Hello all, I am still in my first year apprenticeship and going through school with an at home course which requires all books and study guides. Completed course #1102 now on #1101 (they do it backwards:/). About 90% completion of my current course/study guide and really stumped on some problems regarding basic parallel circuitry. Came here to see if anyone could help. I’ve literally tried solving this problem for 2.5 hours and don’t see what I am doing wrong. 

The problem is as followed:
A resistance of 14 ohms is connected in parallel with a coil that has a resistance of 4 ohms and a reactance of 12 ohms. The supply voltage is 120V. Find (a) the total current, (b) the power factor, and (c) the power taken by the circuit. 

A. Total current
a.) 8.5A
b.) 9.49A
c.) 14.58A
d.) None of the above

I can’t even get past (a) haha. I have already completed 50 equations regarding multiple circuits and for some reason this one is really messing me up. I’ve tried the following formulas. 

I= E/R 
I= E/X
Rt= R1 x R2/ R1+ R2 and get 3.11 ohms 
Then I divide the voltage by total risistance and get 38.5852 
Divide the voltage by the reactance and get 10
Then use formula
It= (Ir squared + il squared) square root
And get it= 38.5852 squared + 10 squared
it=1488.817 + 100 square root
it= 1588.817 square root
I total = 39.859 Amps

What am I doing wrong? I have plugged in more formulas than just this to try and get the correct answer but they’re all just not working. 

Thank you for your time and help!!


----------



## telsa (May 22, 2015)

C

You know A is wrong, straight off.


----------



## NH603 (Jan 21, 2018)

Thank you!! If you don’t mind sharing, how did you get this answer?


----------



## joebanana (Dec 21, 2010)

Why are you sure it isn't d.) None of the above? Just treat the reactance as a resistance.


----------



## telsa (May 22, 2015)

I play the odds.

Test writers have a chronic preference for using C as the correct answer.

'None of the Above' is VERY rarely used as a correct answer.

'A' is plainly wrong as you'll get past 8.5A just on the pure resistance leg.

And that's all the mental effort I'm willing to expend on what will prove to be an entirely wasted lesson in electrical engineering.

Questions like the OP's are designed to bother the students -- and set up a classroom discussion.

The OP has to realize that 'the system' is designed such that he's SUPPOSED to get the tough questions wrong. 

If he keeps showing up with 'perfects' -- the instructor is not impressed -- he's annoyed.

He (rightly) knows that the student has been 'cheating' via Internet forums.

The OP should realize that until recently all students were expected to figure things out with their own resources. 
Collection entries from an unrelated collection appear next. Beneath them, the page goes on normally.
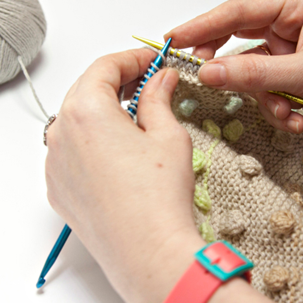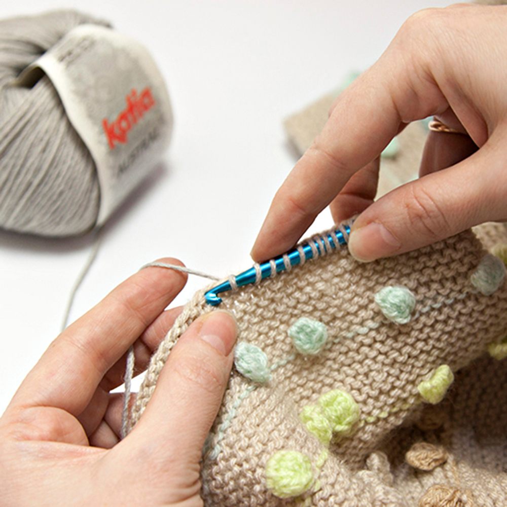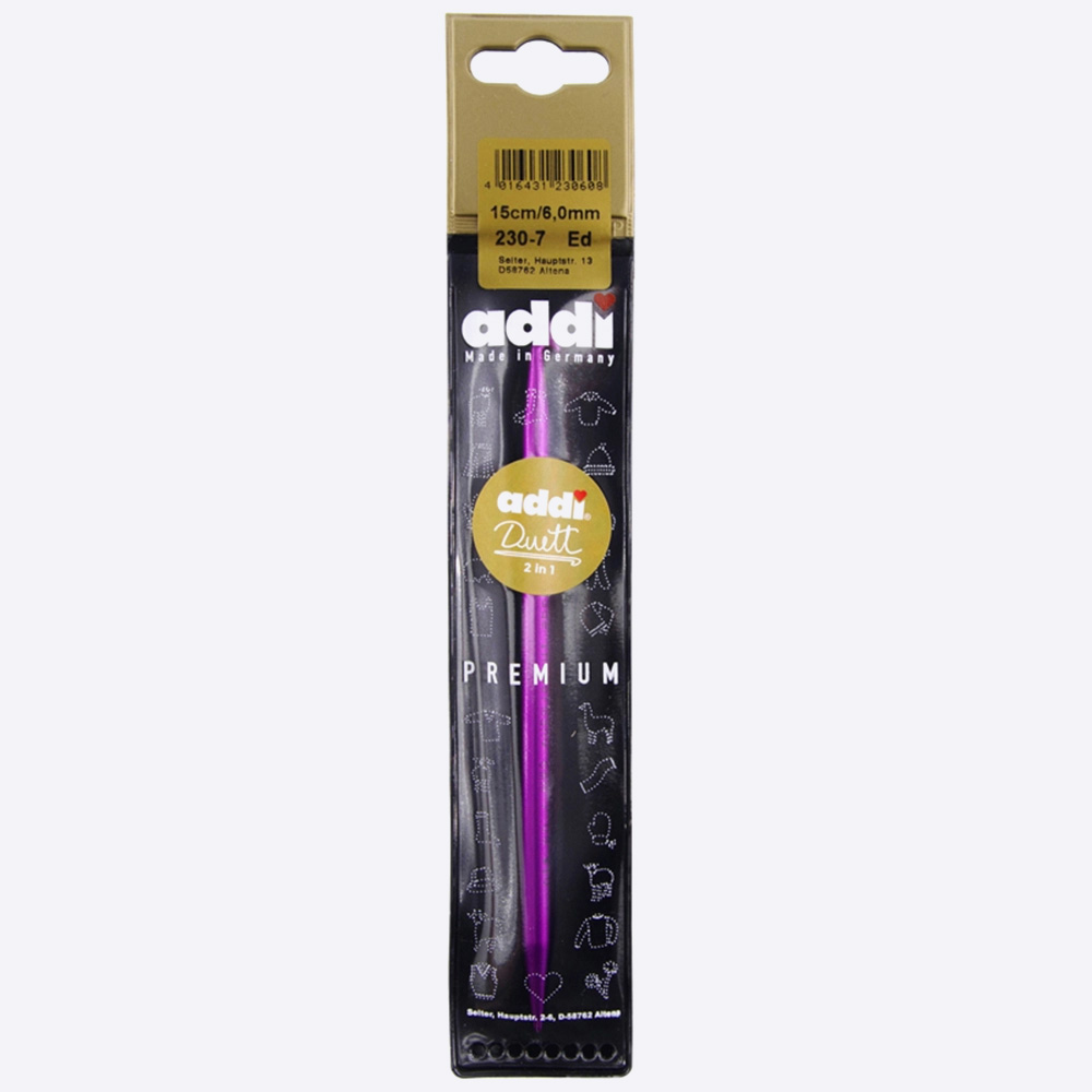 Цветные крючки с поверхностью из анодированного алюминия addiDuett имеют длину 15 см и практичное тонкое острие на конце. При помощи этой дополнительной функции можно набирать петли и сразу их провязывать.
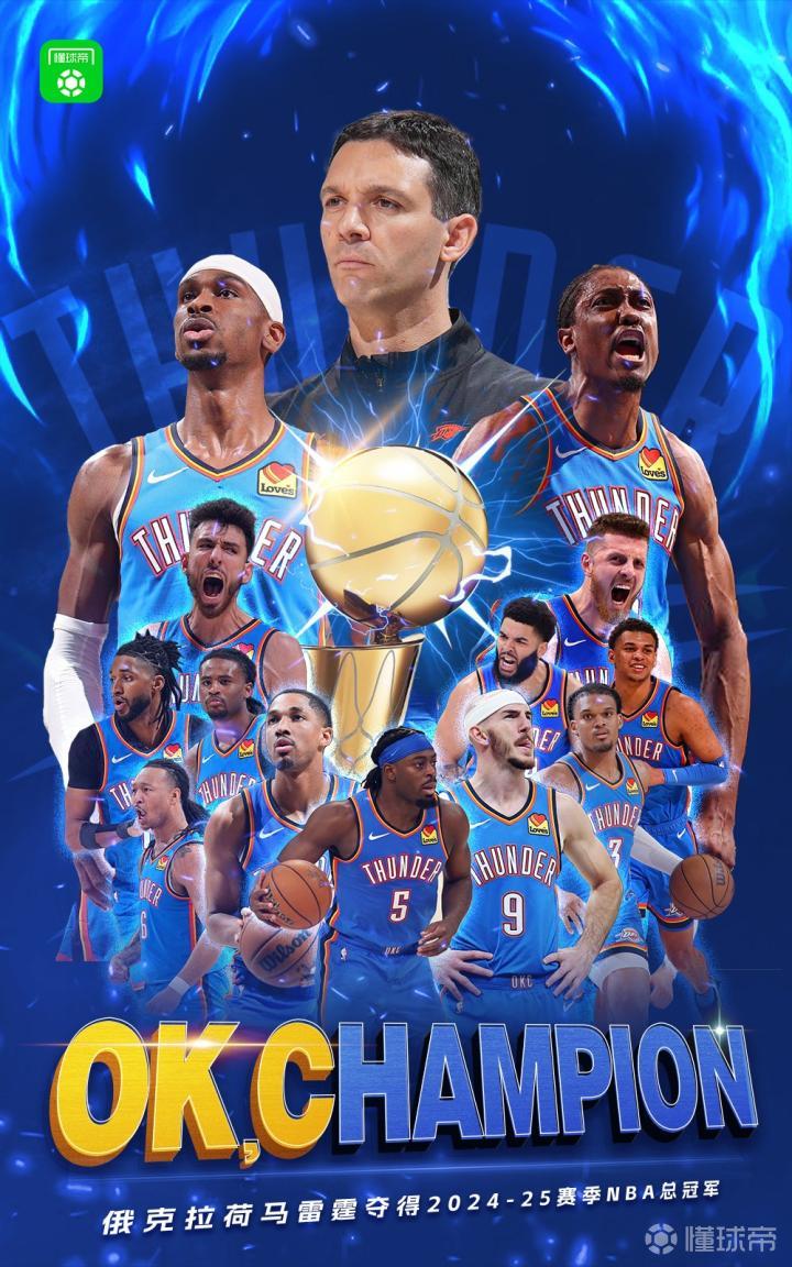 北京时间今日,在NBA总决赛G7中,雷霆队在主场103-91击败了步行者队,大比分4-3夺得了总冠军。
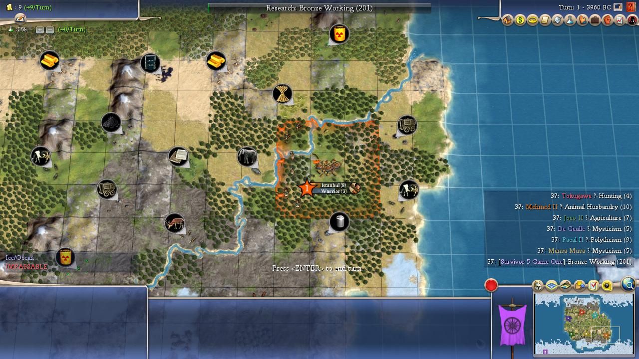 c0lors: The cold map should constrain the settlement phase and get the wars started faster. I see Mansa taking a beating early, but I don't think the AIs will be able to close the deal and land the killing blow on Mali. I am very tempted to go with peace weight and pick Mehmed or Pacal, but I also don't want to feel like an idiot when Mansa rides his starting gold and river valley to an insurmountable tech lead. Pacal looks less attractive because Japan is right next door and the land to his south is dry and will be heavily contested by the Ottomans. Anyway, I'm guessing the king stays the king, and Joao rides Mansa's coattails to a comfy second place.
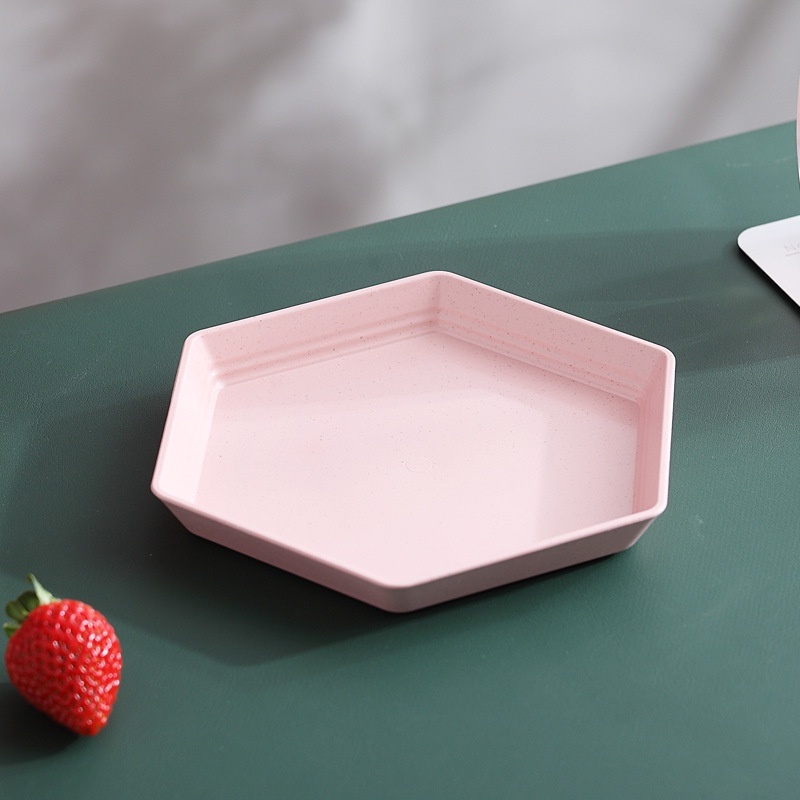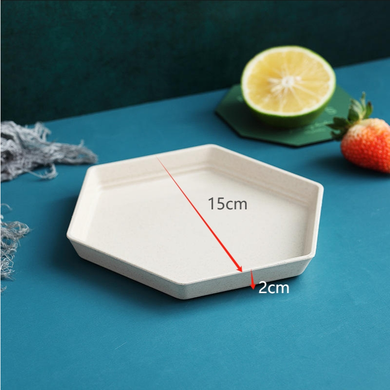 GMINI 6/12pcs Hexagon Dessert Snacks Plates (15cm) Wheat Straw Dessert Plate Food Plastic Tray
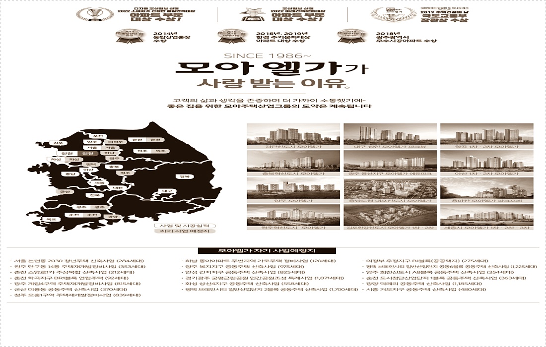 135제곱 미터의 중대형(中大型) 면적(面積)에 총(總) 560세대(世代)를 제공(提供)하게 됩니다.주민공동시설과 community, 근린일상시설(近隣日常施設), 맘스테이션, 주민(住民)cafe 및 펫 cafe 등(等)과 세대당(世帶當) 1.5대(臺)를 수용(受容)할 수 있는 총(總) 852대(代) 범위(範圍)의 주차장(駐車場)도 기획(企劃)합니다. 대한주택보증(大韓住宅保證) 기업평가(企業評價) A등급(等級)의 모아주택산업(住宅産業)이 시행(施行)을 하게 되며 검단(黔丹), 대구(大邱) 상인(商人), 광주(光州) 용산(龍山), 양주(洋酒), 원주혁신(原州革新), 김포한강(金浦漢江), 세종시(世宗市) 등(等)에 제공(提供)된 엘가로 brand 파워까지 기대(期待)하게 됩니다.
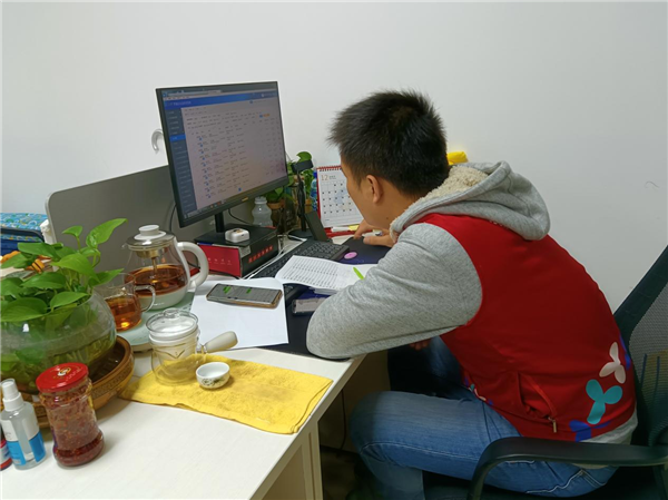 1月14日,因为居住地有密接者,被通知居家隔离,但他并没有停止工作,依然在家里配合数据组进行流调,每天打电话追踪被调查者信息,录入系统更新。

This new trend is creating a MUCH dumber generation of talent.

The inability to divide by six -- in a microsecond -- in one's head -- is just one instance. 

All students should attempt to just shoot for getting 90% correct.

It's when you see your tests dropping down into the 70% zone that you should freak out.

When I was young, I was notorious for handing in perfect work. Trust me, I was hated for it. Don't follow my bad example.


----------



## NH603 (Jan 21, 2018)

Not trying to cheat just looking for some help. I don’t even need an answer just looking to see if someone can correct my work and point me in the right direction as I feel I have tried everything I can (clearly not because I haven’t got the correct answer). Not going to just guess either and just circle C. I need to show all my work or the credit isn’t given.


----------